In A Plain Cookery Book for the Working Classes (1852), Charles Elmé Francatelli, Late Maître d’Hôtel and Chief Cook to Her Majesty the Queen, offers the following advice on red herring:

The cheaper sort of red herrings are always too salt, and unpleasantly strong-flavoured, and are therefore an indifferent kind of food, unless due precaution is taken to soak them in water for an hour before they are cooked.

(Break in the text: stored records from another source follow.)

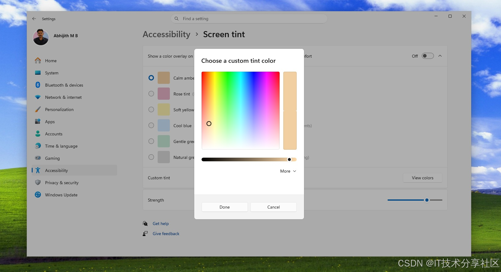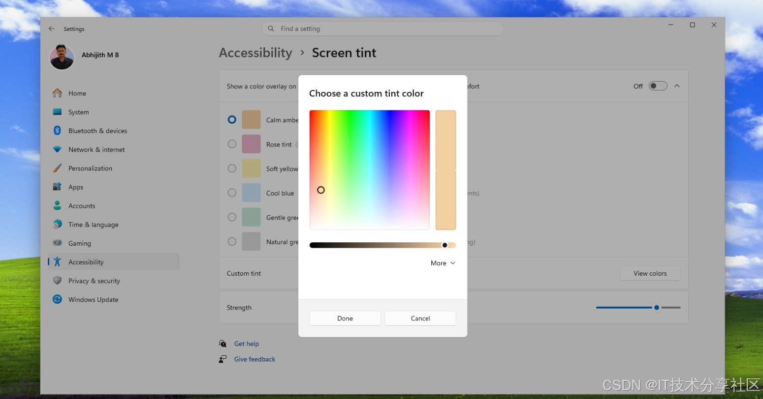 值得一提的是,「屏幕色调」功能远不止6种预设那么简单。微软还在测试「自定义色调」功能,允许用户自由选择自己喜欢的颜色,直接应用到整个屏幕,彻底打破预设颜色的限制,适配每个人的视觉习惯。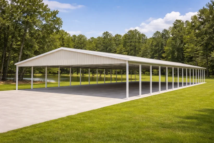 This 38x90 Metal Carport is available with $0 down financing and rent-to-own no credit check options. This carport is a open metal structure enabling convenient parking and easy access without the hassle of opening or closing doors.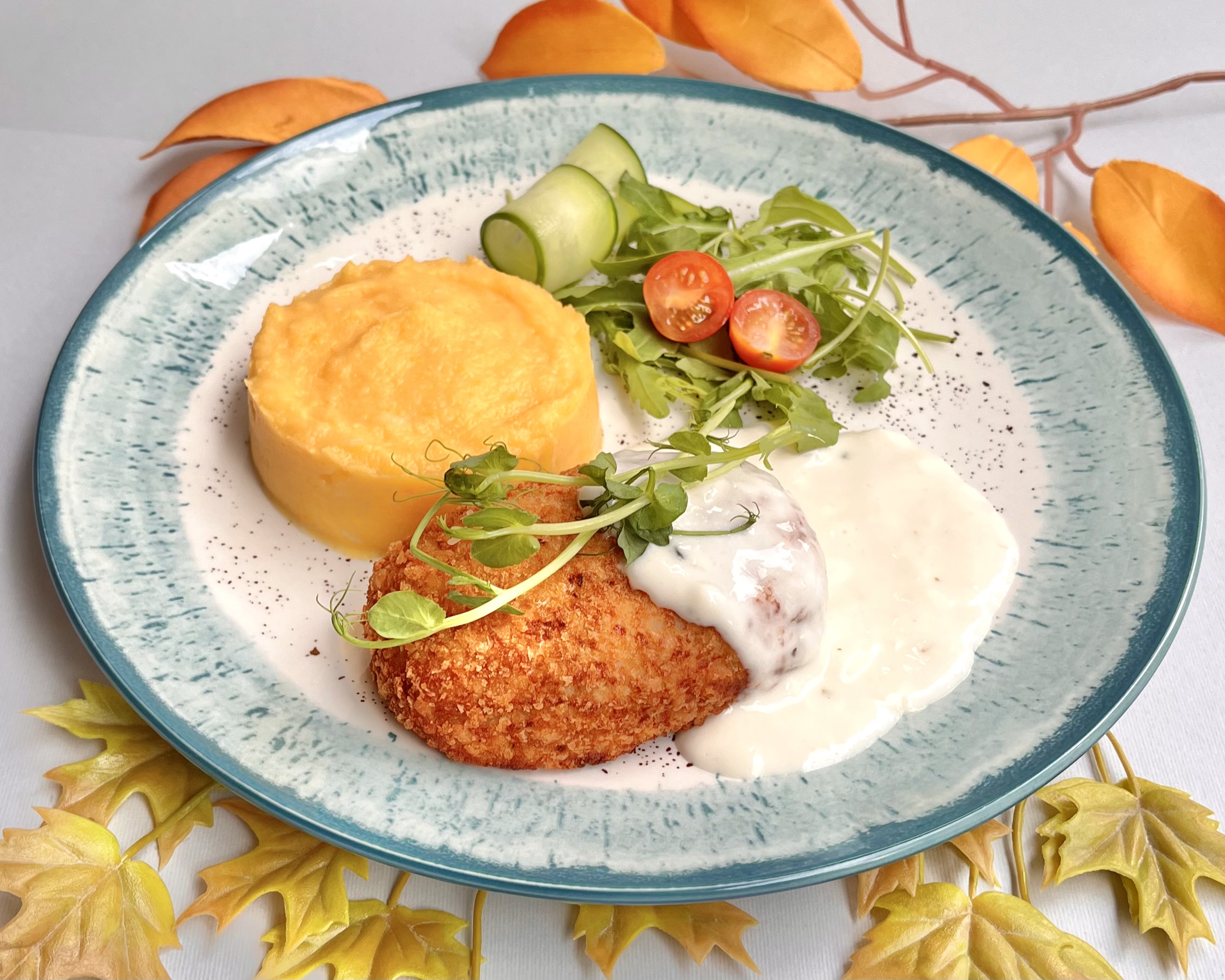 Котлета из грудки индейки в панировке с сырной начинкой «Чеддер», подается с тыквенно-картофельным пюре и сливочным соусом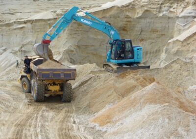 Wir bieten verschiedene Sorten an Sand- und Kiesmaterialien an. Darüber hinaus führen wir verschiedene Granit-, Kalk-, Basalt- oder Quarzgesteine anderer Hersteller sowie Oberboden und Erdreich als Handelsware.

First, soak the red herrings in water for an hour; wipe and split them down the back; toast or broil them on both sides for two or three minutes, and having placed them on a dish, put a bit of butter and some chopped onion upon each herring; pour a little vinegar over all, and this will make a cheap and savoury dish to be eaten with well-boiled potatoes.

A Jamaican Recipe

1/2 lb red herring

2 tablespoons light oil

1/2 cup diced onions

1/2 cup diced tomatoes

Finely chopped hot chilli to taste (Scotch bonnet)

A little oil

1 clove garlic

1 tablespoon finely chopped fresh thyme

1/2 tablespoon lemon juice

2 spring onions, thinly sliced.

Boil the red herring for 5 minutes and drain; ‘pick up’ (break or chop into small pieces); sauté the onions until translucent; add tomatoes, chilli, garlic and thyme and sauté for a further minute; add the red herring and cook for a 5 minutes; stir in lemon juice and green onions.

Serve immediately or at room temperature with Jamaican water crackers, fried green plantains, yams, dumplings and/or boiled bananas.